Kevin McHugh: ‘We want to get Finn Harps respected again’

Kevin McHugh

KEVIN McHugh wears the Finn Harps captaincy as a real badge of honour.

As he enters his thirteenth season as a Harps player, the striker – on 172 goals from 364, a ratio of a goal just over every two games – is well aware of the significance of 2014.

Harps are celebrating their 60th year in existence; it is forty years since Jim Sheridan and company won the FAI Cup in 1974 and ten years since McHugh starred in the team that won the First Division title.


McHugh is unique in that he remembers dizzy nights by the Finn and the Killea man’s voice gets sharper as he talks of being the captain at Finn Park, following in the footsteps of men like Sheridan and Declan Boyle, whose trophy-hoisting images are stitched into Harps’ tapestry.

“I know how big this football club is,” McHugh says.

“I’ve been there and seen what the old place (Finn Park) can be like when it’s packed. Looking back at some of the memories at Finn Park on big nights, it still makes you tingle. I’ve been to Cup finals and seen thousands of people in blue and white. Those very supporters are still out there.

“They are just hoping Harps can start going forward and they will be back. When we’re out in the streets wearing Harps gear, we want to be proud of that. We want supporters to be proud wearing the badge too.”

Harps fell on lean times after being relegated from the Premier Division in 2008 and haven’t managed to keep up a promotion challenge since. In recent times, the very future of the club, close to being bucket-collection broke on occasion, has been in jeopardy.

McHugh keeps a close watch on the happenings behind the scenes down Navenny Street.

As the curtain slides open on another new League of Ireland season, McHugh has grown tired of the barbed comments thrown their way.


“We want a bit of respect back into the club,” he says.

“It cracks me up to see people being negative just for the sake of it about Finn Harps, or to see people dissing the club, kicking Harps when they’re down.

“There are clubs all over the world who go into ruts. Finn Harps has had financial woes in the last while, but a lot of people have been working very hard to get their house in order.

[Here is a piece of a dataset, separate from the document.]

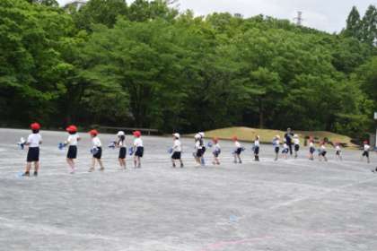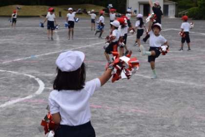 24日(水)運動会の練習も仕上げの段階に入ってきました。1年生・2年生の演技では、本番に使うポンポンを持って踊っていました。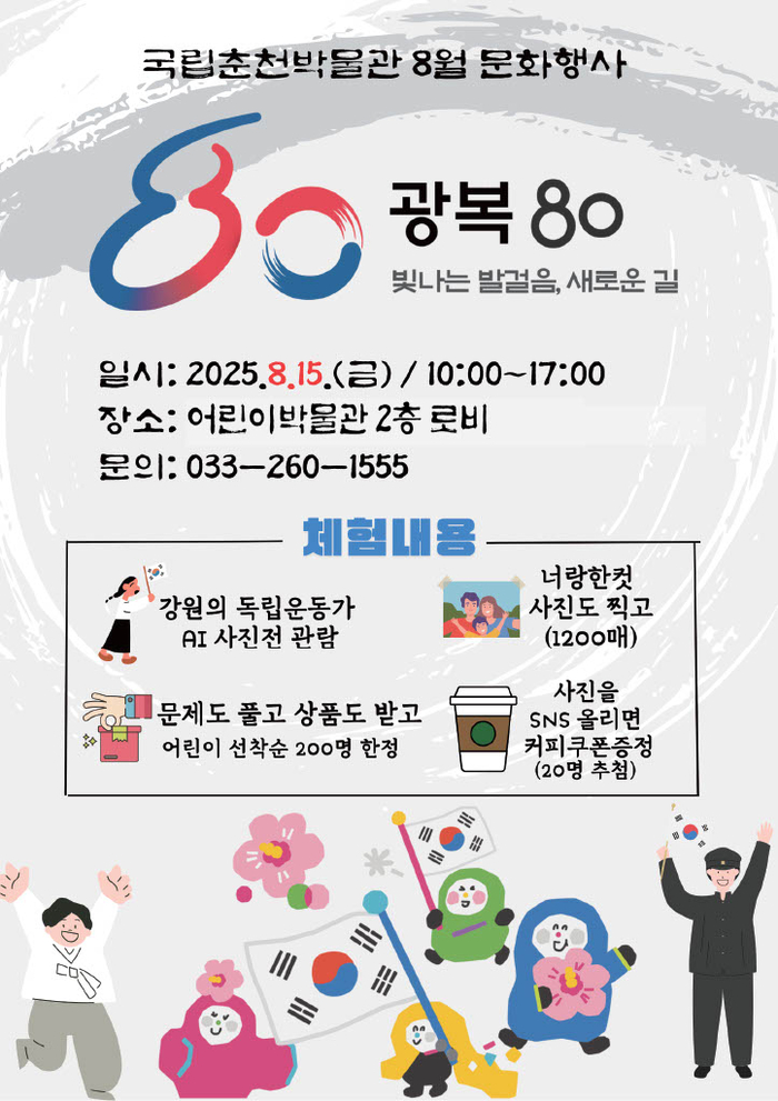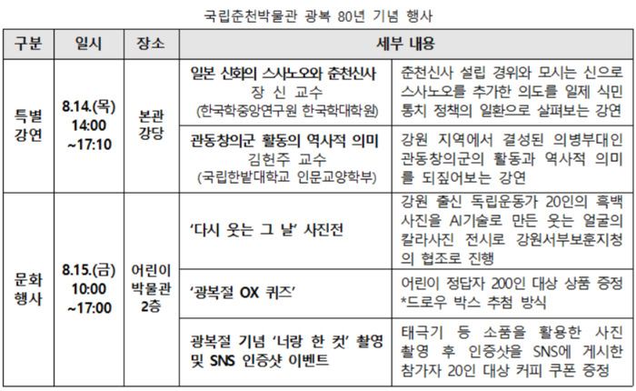 국립춘천박물관 관계자는 “다양한 세대가 참여할 수 있는 특별강연과 문화행사를 개최해 모두가 함께 광복 80주년을 축하하고 의미를 되새길 수 있는 광복절이 되기를 바란다”고 밝혔다.

“We have been trying our best on the field, too. Obviously it hasn’t worked out for us.”

With home games against Waterford United, Cobh Ramblers and Galway FC inside the opening four weeks of the season – not to mention a League Cup clash against Ulster Senior League winners Cockhill Celtic on Monday night – Harps will be under local scrutiny early on.

“It’s important to lay a marker early but, as we saw from last season, a good start mightn’t count for much either,” says McHugh.

“We’re gunning for a good start.

“We want to make Finn Park a hard place to come to for away teams and with a volume of home games early on we need to set the tone in those fixtures.”

McHugh keeps his own personal aims for the season and is a tough task-master on himself.

“Scoring goals,” he states. “I always want to get into double figures.”

The good folks at Paddy Power have made him a 12/1 shot to be the First Division.

“Jeez, those odds get longer as the years go on, don’t they?” he laughs.

“Personal targets are important in that if I’m scoring goals or the boys at the back are keeping their clean sheets then the team should be doing well. That said, it’s the collective goals that matter.

“I’d rather set up goals and get three points rather than score myself and get a draw. But my job is to score goals – and that’s what I want to do.

“I don’t have the pace I had when I was in my teens or my twenties. I’m not saying that I’m sluggish or anything but I have had to adjust my game.

“Playing out the right for Derry City that time I had to play a different game. Playing different positions helps you to see a bigger picture. I’m trying now to link play up and be a bit more involved like that. But scoring goals is still what keeps me going.”

A former team-mate asked him during the closed season why he was back, but here he is, standing at the head of the queue asking the operator for another run on the League of Ireland’s ferris wheel.
You wonder, wouldn’t be easier to head for the sunset?

“Na, I feel good and I think I’m good enough,” he says.

“When I was 17 I was trying to prove that I was good enough for this level – that kept me going for two or three years; when I was around the mid 20s, it was always about proving that I was the best and could compete the best; when you get over a certain age it’s about proving that you’re good enough to play at the level.”